[[ Supplied records, beginning ]]

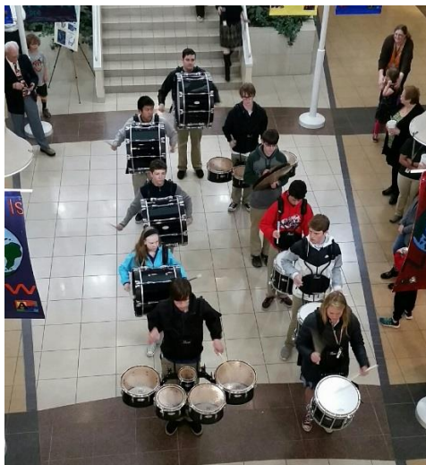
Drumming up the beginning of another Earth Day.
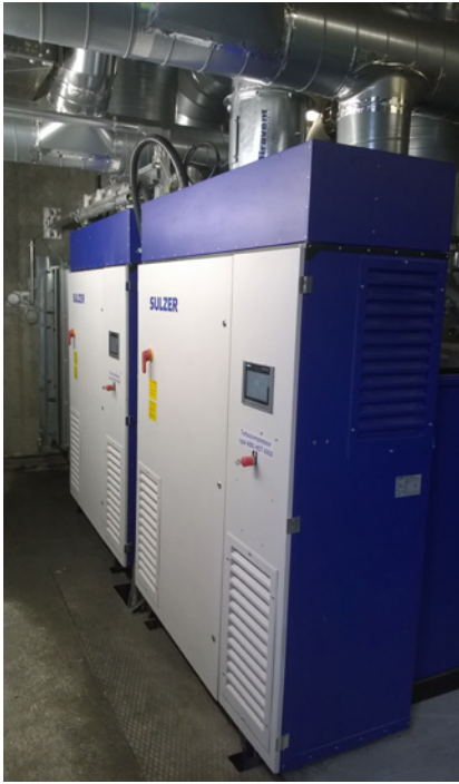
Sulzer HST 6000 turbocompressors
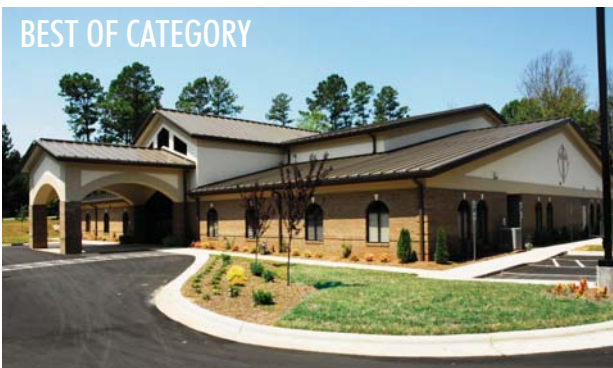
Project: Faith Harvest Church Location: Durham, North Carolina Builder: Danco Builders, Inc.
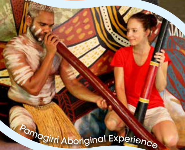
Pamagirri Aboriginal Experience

[[ Supplied records, end ]]
[[ Supplied records, beginning ]]

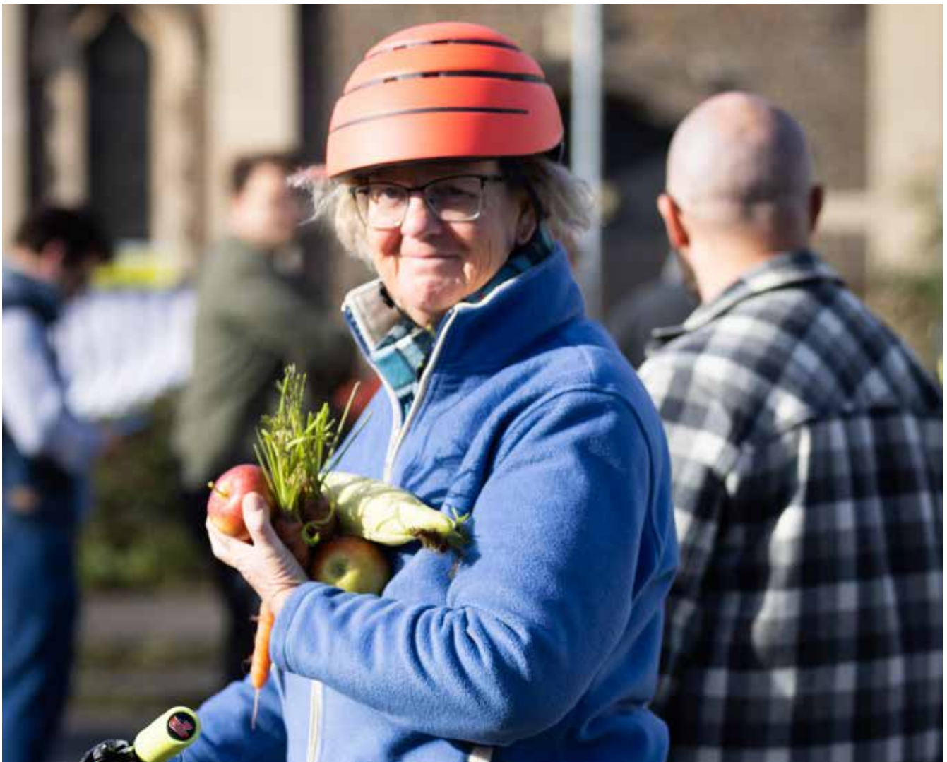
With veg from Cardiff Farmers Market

[[ Supplied records, end ]]

Work to complete> In the listing above, find the line with "Project: Faith Harvest" and the line with "Pamagirri Aboriginal Experience". Copy exactly those lines and all between them, minus the images.

Answer box>
Project: Faith Harvest Church Location: Durham, North Carolina Builder: Danco Builders, Inc.
Pamagirri Aboriginal Experience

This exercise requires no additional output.